Fidelma machte eine ungeduldige Geste. »Das weißt du doch selbst.«

»Aber wann genau war das?«

»Genau bei seiner Geburt. Vor sechs Monaten. Was soll das?«

Eadulf betrachtete sie aufmerksam.

»Ich hatte es vergessen, bis man mich darauf aufmerksam machte, daß ich auf dem Rückweg nach Cashel für das Baby eine Amme benötige«, sagte er ruhig. »Als wir Sarait einstellten, war ihr Kind gerade erst gestorben. Es war eine Totgeburt, wie sie sagte. Alchu ist vor sechs Monaten zur Welt gekommen, da konnte sie ihn stillen.«

Fidelma versuchte, seinem Gedankengang zu folgen. »Und?«

»Wer war der Vater von Saraits Baby?«

»Tja, natürlich Callada, der ...« Sie hielt inne und blickte ihn an.

Eadulf lächelte triumphierend. »Der bei Cnoc Äine gefallen ist«, sagte er leise. »Genau.«

Fidelma atmete langsam aus. »Gorman? Du meinst, daß er der Vater war?«

»Ich habe ihn noch nicht gefragt.«

»Ich verstehe«, sagte sie leise. Dann schüttelte sie sich wie ein Hund, der sich nach dem Schwimmen das Wasser aus dem triefenden Fell schüttelt. »Zuerst gilt es aber herauszufinden, warum Brehon Dathal dich eingekerkert hat. Sei unbesorgt, ich werde mich dafür einsetzen, daß du bald frei bist.«

Sie ging zur Tür, doch dann drehte sie sich um und griff spontan nach seinen beiden Händen.

»Eadulf, ich bedaure alles, was ich gesagt oder getan habe, und alle Vorkommnisse, bei denen dir mein Volk das Gefühl gegeben hat, fremd und unterlegen zu sein.«

Eadulf lächelte verlegen. »Niemand kann einem anderen das Gefühl geben, unterlegen zu sein, ohne daß er selbst es mit sich geschehen läßt. Wenn jemand glaubt, die anderen fühlten sich ihm überlegen, dann ist das doch nur so, weil er es selbst so sieht. Ich habe mich hier manchmal unwillkommen gefühlt, doch der Grund dafür ist, daß ich fremd in diesem Land bin und daher einigen Leuten nicht willkommen. Wir selbst fühlen uns immer wohler bei Dingen, die uns vertraut sind.«

»Kannst du uns verzeihen ... Kannst du mir verzeihen?«

»Man kann dem goldenen Adler nicht verzeihen, ein goldener Adler zu sein«, erwiderte er freundlich. »Es gibt nichts zu verzeihen, weil du ganz der Natur deines Wesens entsprechend gehandelt hast.«

Fidelma warf die Lippen auf. »Eadulf, manchmal bringst du mich zur Verzweiflung. Du bist viel zu gut und nachgiebig«, warf sie ihm vor.

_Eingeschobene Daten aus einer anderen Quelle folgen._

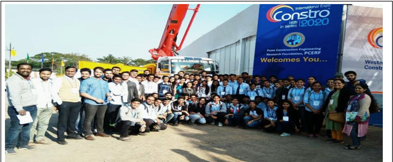
Visit to Constro 2020 of All SE, TE, BE, ME (Construction Management), Faculties and Staff of Civil Department, PCCOE Nigdi on 17 th January, 2020.

Mit einem verschmitzten Lächeln zuckte er die Achseln. »So bin ich nun einmal.«

Fidelma überquerte den Hof und bemerkte, daß an den Toren Tumult war. Sie ging zu den großen Eichentüren und traf auf Caol, der einem Paar mit einem Baby gegenüberstand.

»Was ist los?« fragte Fidelma.

Caol verzog verärgert das Gesicht. »Ein Kräutersammler und seine Frau verlangen Eintritt. Ich habe ihnen gesagt, daß sie weiterziehen sollen.«

»Aber der sächsische Bruder .«, setzte der Mann an.

»Schweig. Du sprichst in Gegenwart der Schwester des Königs«, fuhr ihn Caol barsch an.

»Warte!« befahl Fidelma. »Bist du der Kräutersammler Corb und du seine Frau Corbnait?«

»Ja. Bruder Eadulf hat uns gesagt, daß wir zur Burg kommen sollten, und das versprachen wir ihm, auch wenn uns vielleicht eine Strafe droht, und ich stehe zu meinem Wort. Ich gehörte nicht immer zu den Nichtseßhaften.«

Fidelma sah ihn voller Herzlichkeit an. »Seid willkommen. Ihr seid schuldlos. Es ist vielmehr so, daß ihr das Leben meines Sohnes gerettet habt, als er im Wald ausgesetzt worden war. Tretet ein. Bei einem Willkommenstrunk könnt ihr mir die Geschichte erzählen, die Bruder Eadulf bereits von euch gehört hat.«

Sie hatte sich schon umgedreht, da rief Caol ihr etwas hinterher. Sie blickte sich um.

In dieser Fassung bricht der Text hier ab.